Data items

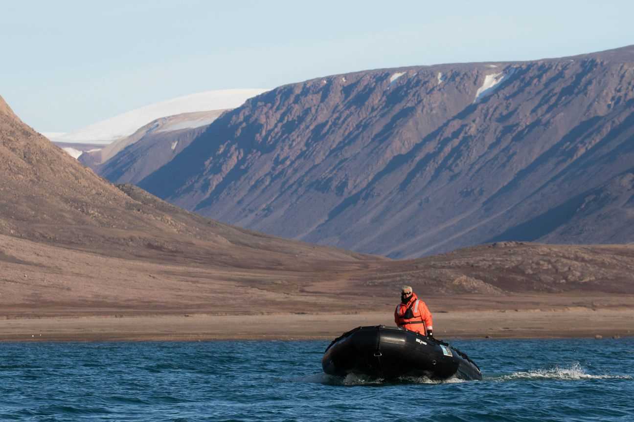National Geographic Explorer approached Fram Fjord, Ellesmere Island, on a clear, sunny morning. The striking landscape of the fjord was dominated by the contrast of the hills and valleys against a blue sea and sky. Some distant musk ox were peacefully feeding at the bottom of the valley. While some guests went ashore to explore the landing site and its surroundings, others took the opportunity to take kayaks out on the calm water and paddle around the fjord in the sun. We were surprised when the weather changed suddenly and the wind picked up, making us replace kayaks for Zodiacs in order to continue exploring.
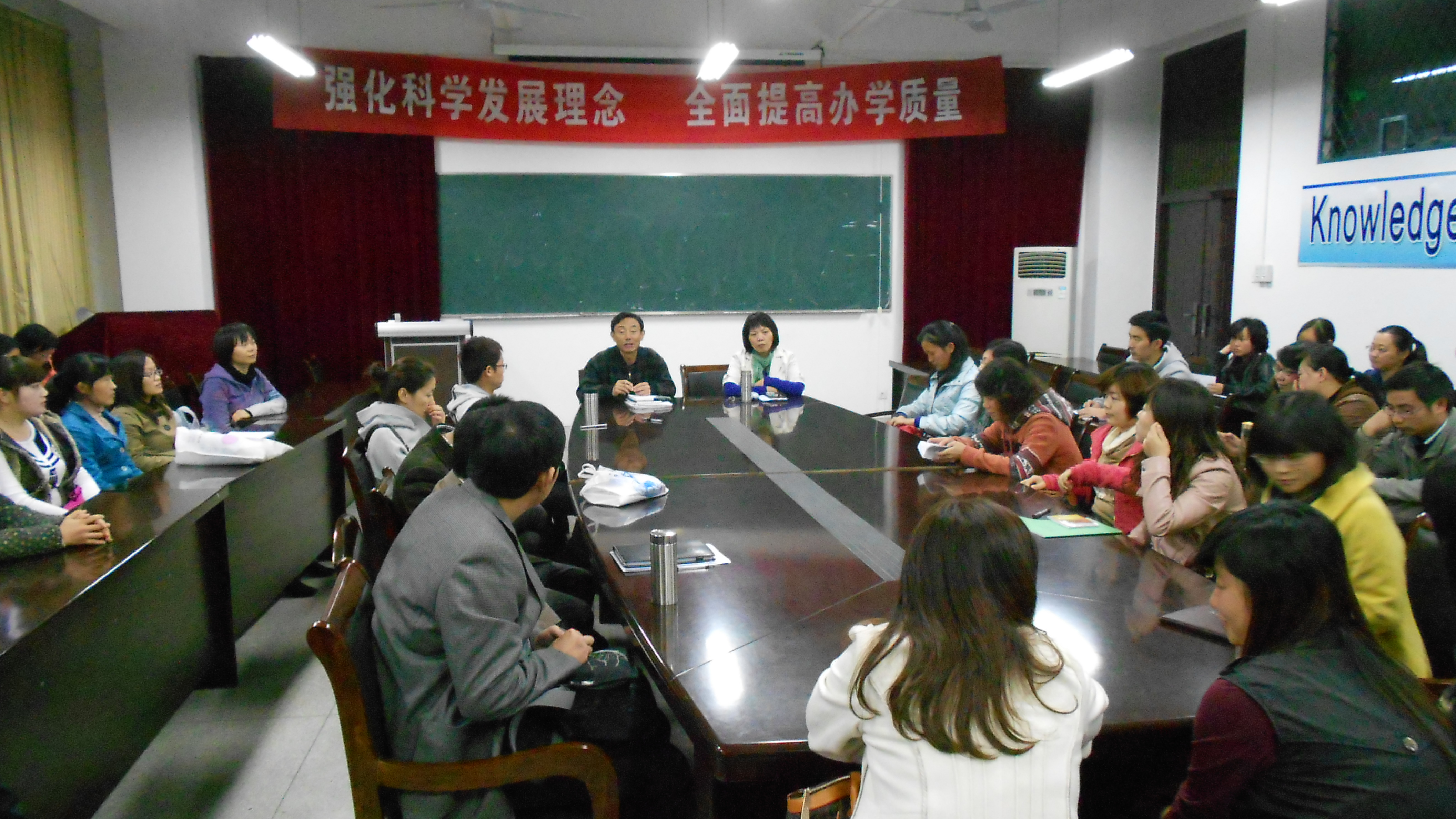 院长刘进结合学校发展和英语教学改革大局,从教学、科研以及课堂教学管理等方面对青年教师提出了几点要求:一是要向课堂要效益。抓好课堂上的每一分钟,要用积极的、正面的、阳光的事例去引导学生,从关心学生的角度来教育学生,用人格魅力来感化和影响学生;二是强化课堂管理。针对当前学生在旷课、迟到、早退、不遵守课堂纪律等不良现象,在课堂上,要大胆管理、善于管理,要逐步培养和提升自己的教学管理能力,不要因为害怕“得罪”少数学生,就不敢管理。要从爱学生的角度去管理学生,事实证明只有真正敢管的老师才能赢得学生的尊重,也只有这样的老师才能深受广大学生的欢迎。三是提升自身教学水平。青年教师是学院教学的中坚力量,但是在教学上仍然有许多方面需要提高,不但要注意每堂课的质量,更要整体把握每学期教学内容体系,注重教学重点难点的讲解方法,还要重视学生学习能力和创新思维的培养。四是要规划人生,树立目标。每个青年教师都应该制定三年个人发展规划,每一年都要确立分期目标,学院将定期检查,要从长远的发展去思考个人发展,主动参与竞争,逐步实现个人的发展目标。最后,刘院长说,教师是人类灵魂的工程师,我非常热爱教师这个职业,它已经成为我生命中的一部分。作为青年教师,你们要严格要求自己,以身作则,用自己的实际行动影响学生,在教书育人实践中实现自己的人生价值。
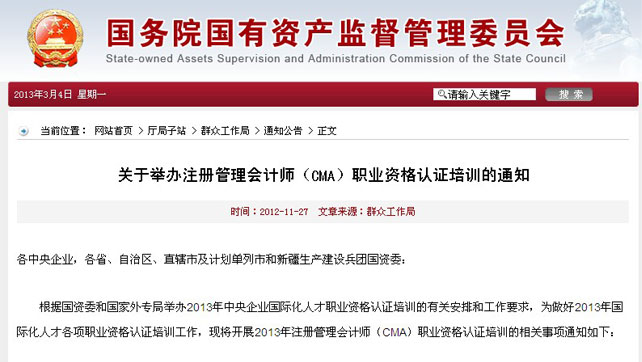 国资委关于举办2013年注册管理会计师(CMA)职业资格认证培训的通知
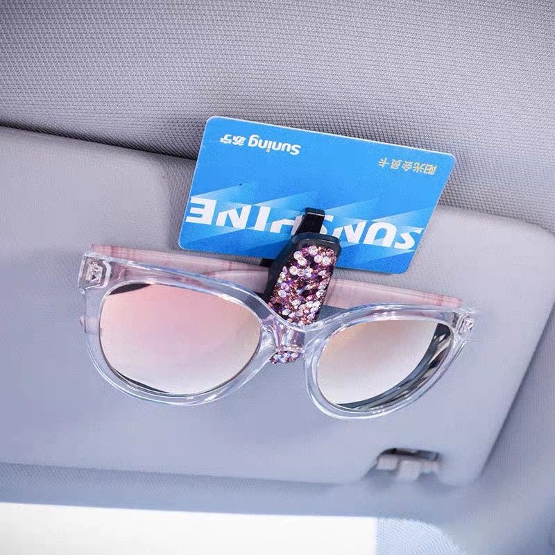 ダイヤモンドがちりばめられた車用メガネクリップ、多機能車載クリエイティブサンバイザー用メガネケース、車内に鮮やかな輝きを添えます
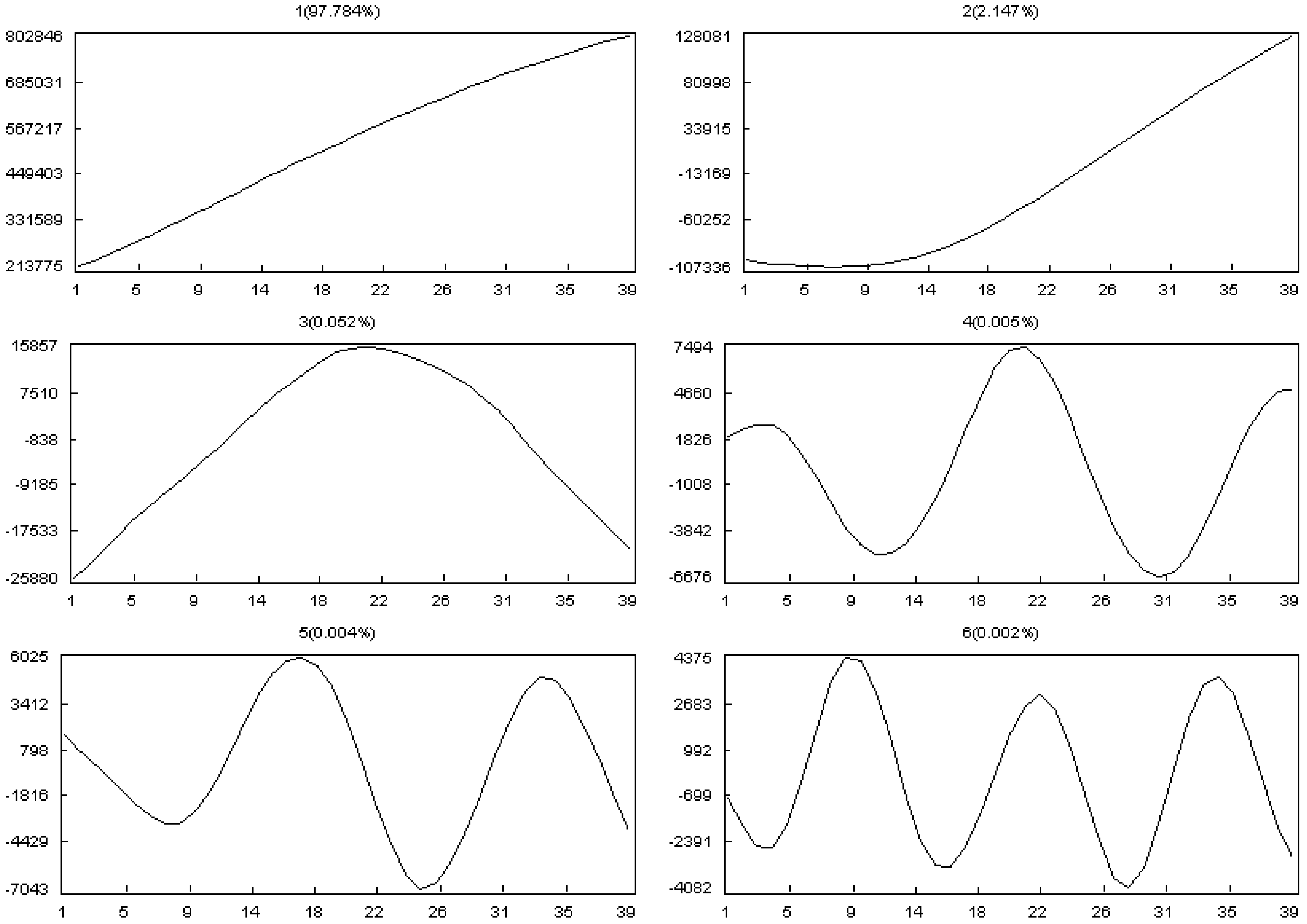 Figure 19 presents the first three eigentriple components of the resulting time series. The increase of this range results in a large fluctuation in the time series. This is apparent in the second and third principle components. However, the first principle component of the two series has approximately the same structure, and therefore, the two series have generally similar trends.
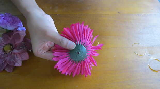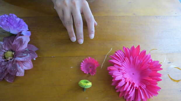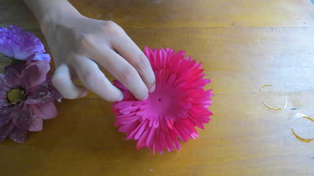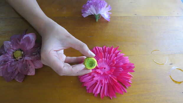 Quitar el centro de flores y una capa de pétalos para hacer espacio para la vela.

- EXERCISE
Copy exactly the lines from the line that contains "院长刘进结合学校发展和英语教" through the last line of the records above, both ends included, but leave out the pictures.

- EXPECTED ANSWER
 院长刘进结合学校发展和英语教学改革大局,从教学、科研以及课堂教学管理等方面对青年教师提出了几点要求:一是要向课堂要效益。抓好课堂上的每一分钟,要用积极的、正面的、阳光的事例去引导学生,从关心学生的角度来教育学生,用人格魅力来感化和影响学生;二是强化课堂管理。针对当前学生在旷课、迟到、早退、不遵守课堂纪律等不良现象,在课堂上,要大胆管理、善于管理,要逐步培养和提升自己的教学管理能力,不要因为害怕“得罪”少数学生,就不敢管理。要从爱学生的角度去管理学生,事实证明只有真正敢管的老师才能赢得学生的尊重,也只有这样的老师才能深受广大学生的欢迎。三是提升自身教学水平。青年教师是学院教学的中坚力量,但是在教学上仍然有许多方面需要提高,不但要注意每堂课的质量,更要整体把握每学期教学内容体系,注重教学重点难点的讲解方法,还要重视学生学习能力和创新思维的培养。四是要规划人生,树立目标。每个青年教师都应该制定三年个人发展规划,每一年都要确立分期目标,学院将定期检查,要从长远的发展去思考个人发展,主动参与竞争,逐步实现个人的发展目标。最后,刘院长说,教师是人类灵魂的工程师,我非常热爱教师这个职业,它已经成为我生命中的一部分。作为青年教师,你们要严格要求自己,以身作则,用自己的实际行动影响学生,在教书育人实践中实现自己的人生价值。
 国资委关于举办2013年注册管理会计师(CMA)职业资格认证培训的通知
 ダイヤモンドがちりばめられた車用メガネクリップ、多機能車載クリエイティブサンバイザー用メガネケース、車内に鮮やかな輝きを添えます
 Figure 19 presents the first three eigentriple components of the resulting time series. The increase of this range results in a large fluctuation in the time series. This is apparent in the second and third principle components. However, the first principle component of the two series has approximately the same structure, and therefore, the two series have generally similar trends.
 Quitar el centro de flores y una capa de pétalos para hacer espacio para la vela.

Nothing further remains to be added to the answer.